:: WHAT THIS TASK INVOLVES ::
From the records below, print only the part that opens with the line containing "Compost Bays: Equal" and closes with the line containing "在签约和授牌仪式上,职教集团"; omit the pictures.

:: RECORDED INFORMATION ::
******
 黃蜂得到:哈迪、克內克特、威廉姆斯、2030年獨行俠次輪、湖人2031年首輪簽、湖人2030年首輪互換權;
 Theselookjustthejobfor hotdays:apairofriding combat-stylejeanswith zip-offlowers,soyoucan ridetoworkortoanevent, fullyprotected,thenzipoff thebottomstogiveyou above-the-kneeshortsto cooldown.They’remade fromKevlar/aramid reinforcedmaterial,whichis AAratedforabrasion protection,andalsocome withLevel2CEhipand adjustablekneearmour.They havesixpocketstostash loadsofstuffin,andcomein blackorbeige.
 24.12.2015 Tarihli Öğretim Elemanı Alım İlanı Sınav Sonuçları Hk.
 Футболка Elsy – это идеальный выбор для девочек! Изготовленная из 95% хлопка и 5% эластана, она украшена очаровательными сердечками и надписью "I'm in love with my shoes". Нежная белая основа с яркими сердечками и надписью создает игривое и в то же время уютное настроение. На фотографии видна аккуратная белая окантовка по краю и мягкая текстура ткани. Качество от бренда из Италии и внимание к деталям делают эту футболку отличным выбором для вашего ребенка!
******
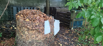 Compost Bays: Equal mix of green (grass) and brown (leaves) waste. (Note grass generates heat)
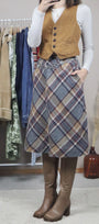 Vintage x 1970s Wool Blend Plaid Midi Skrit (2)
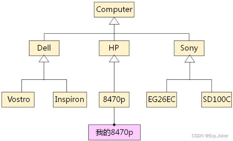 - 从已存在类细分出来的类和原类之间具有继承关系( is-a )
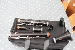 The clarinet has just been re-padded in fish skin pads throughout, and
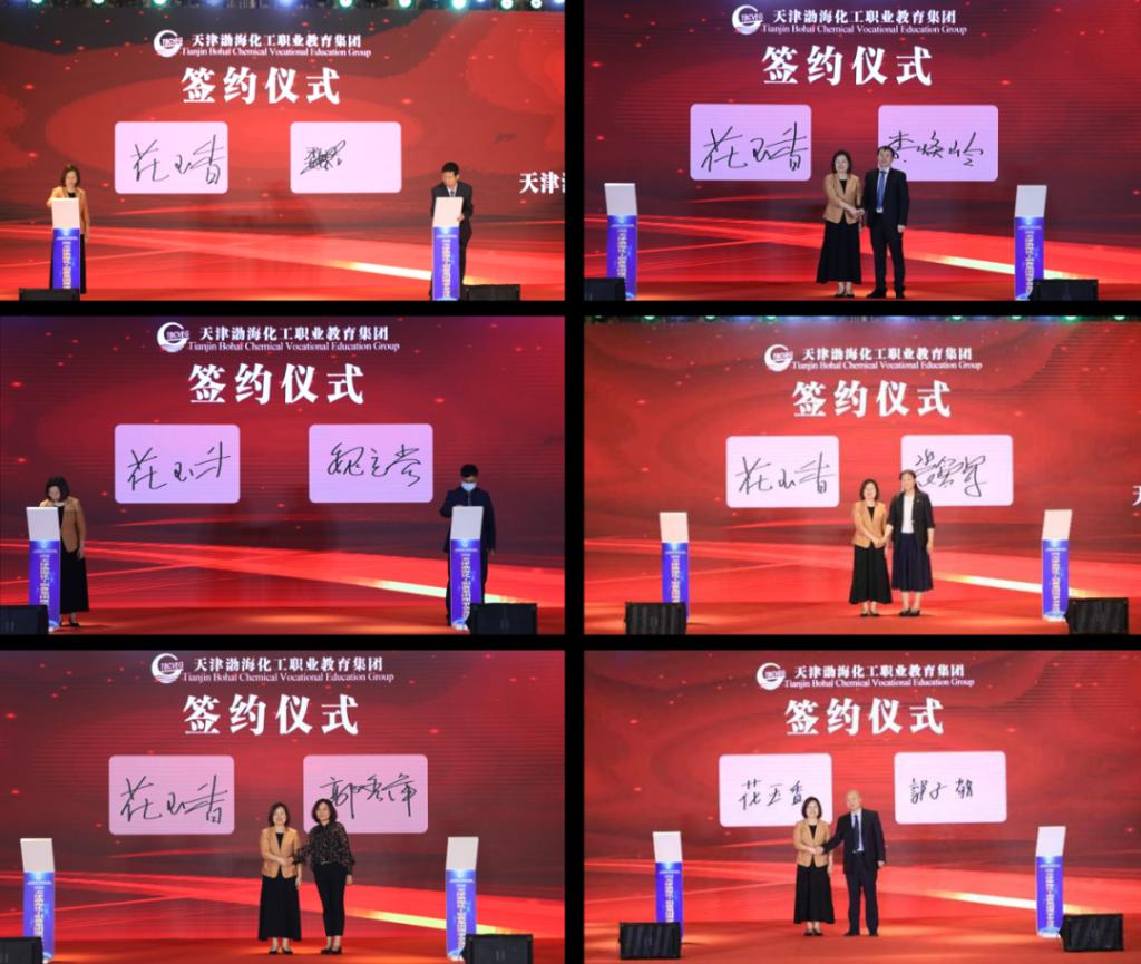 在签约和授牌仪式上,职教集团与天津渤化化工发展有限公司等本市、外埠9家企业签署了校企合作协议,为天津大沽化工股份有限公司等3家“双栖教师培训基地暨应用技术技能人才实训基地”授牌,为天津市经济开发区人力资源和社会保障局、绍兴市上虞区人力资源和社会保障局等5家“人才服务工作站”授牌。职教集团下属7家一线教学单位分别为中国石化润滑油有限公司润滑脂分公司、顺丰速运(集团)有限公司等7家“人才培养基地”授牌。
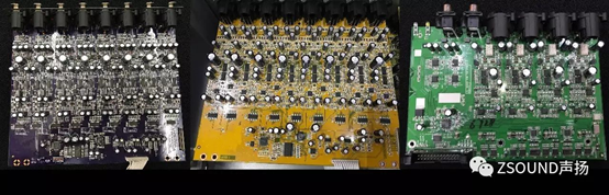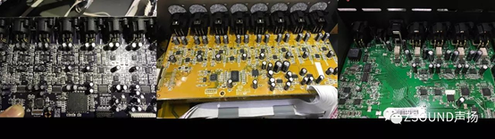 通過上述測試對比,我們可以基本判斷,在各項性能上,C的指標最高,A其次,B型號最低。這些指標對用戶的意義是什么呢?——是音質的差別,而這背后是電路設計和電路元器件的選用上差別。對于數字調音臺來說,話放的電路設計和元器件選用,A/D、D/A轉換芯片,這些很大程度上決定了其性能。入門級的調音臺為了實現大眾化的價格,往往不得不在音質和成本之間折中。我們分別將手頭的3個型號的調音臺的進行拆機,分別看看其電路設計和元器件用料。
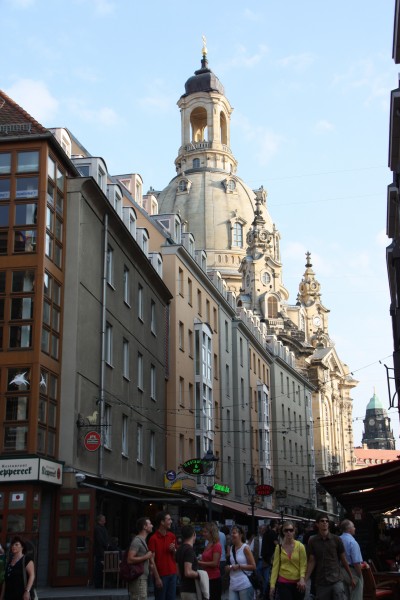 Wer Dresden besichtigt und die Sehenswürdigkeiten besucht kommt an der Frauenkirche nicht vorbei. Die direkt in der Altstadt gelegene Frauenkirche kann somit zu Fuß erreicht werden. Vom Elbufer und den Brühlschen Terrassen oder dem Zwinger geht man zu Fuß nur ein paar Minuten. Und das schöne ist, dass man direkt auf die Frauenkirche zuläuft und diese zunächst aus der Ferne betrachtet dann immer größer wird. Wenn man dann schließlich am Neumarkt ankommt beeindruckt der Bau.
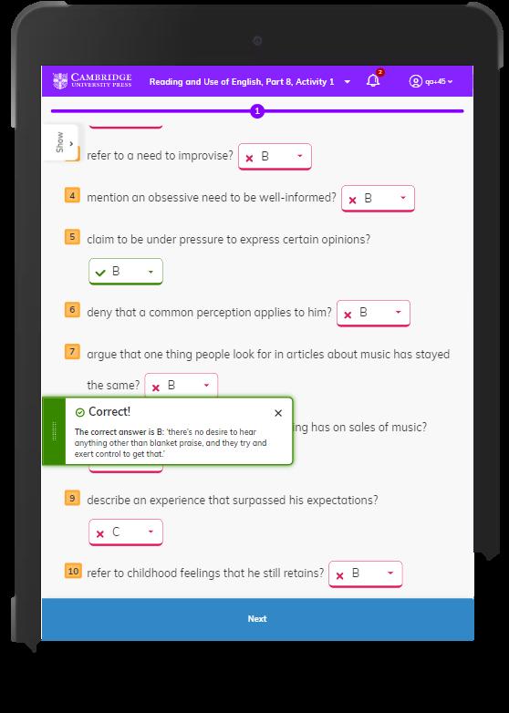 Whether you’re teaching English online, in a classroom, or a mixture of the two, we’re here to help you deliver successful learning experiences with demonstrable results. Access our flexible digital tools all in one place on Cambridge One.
******
:: EXPECTED ANSWER ::
 Compost Bays: Equal mix of green (grass) and brown (leaves) waste. (Note grass generates heat)
 Vintage x 1970s Wool Blend Plaid Midi Skrit (2)
 - 从已存在类细分出来的类和原类之间具有继承关系( is-a )
 The clarinet has just been re-padded in fish skin pads throughout, and
 在签约和授牌仪式上,职教集团与天津渤化化工发展有限公司等本市、外埠9家企业签署了校企合作协议,为天津大沽化工股份有限公司等3家“双栖教师培训基地暨应用技术技能人才实训基地”授牌,为天津市经济开发区人力资源和社会保障局、绍兴市上虞区人力资源和社会保障局等5家“人才服务工作站”授牌。职教集团下属7家一线教学单位分别为中国石化润滑油有限公司润滑脂分公司、顺丰速运(集团)有限公司等7家“人才培养基地”授牌。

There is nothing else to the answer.